The advantage over the old code is that we avoid a double pagevec lookup,
and a more efficient handling of extent boundaries inside a page for
small blocksize filesystems, as well as having less XFS specific code.
The downside is that we don't do writeback clustering when called from
kswapd anyore, but that is a case that should be avoided anyway. Note
that we still convert the whole delalloc range from ->writepage, so
the on-disk allocation pattern is not affected.

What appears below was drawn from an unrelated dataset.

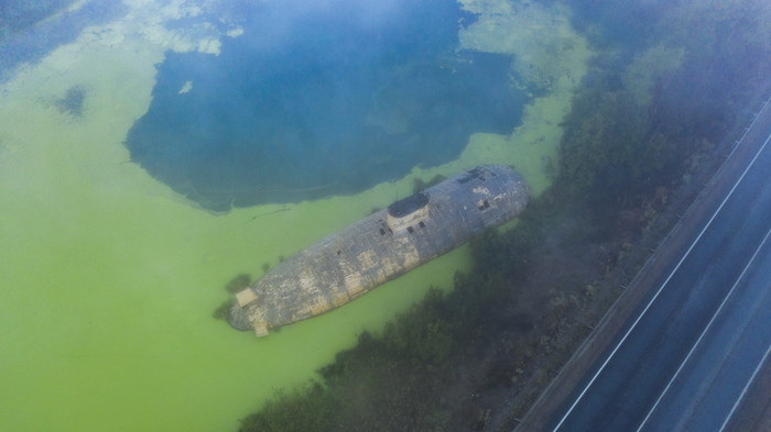 В общем, когда уже отсняли, я прочитал об этой локации. Лодка из фанеры, создана для рекламы коттеджного посёлка. Но выглядит всё равно необычно

Signed-off-by: Christoph Hellwig <hch@xxxxxx>
Index: linux-2.6/fs/xfs/linux-2.6/xfs_aops.c
===================================================================
--- linux-2.6.orig/fs/xfs/linux-2.6/xfs_aops.c 2011-04-27 20:55:01.482820427
+0200
+++ linux-2.6/fs/xfs/linux-2.6/xfs_aops.c 2011-04-28 11:22:42.747447011
+0200
@@ -38,6 +38,12 @@
#include <linux/pagevec.h>
#include <linux/writeback.h>
+struct xfs_writeback_ctx {
+ unsigned int imap_valid;
+ struct xfs_bmbt_irec imap;
+ struct xfs_ioend *iohead;
+ struct xfs_ioend *ioend;
+};
/*
* Prime number of hash buckets since address is used as the key.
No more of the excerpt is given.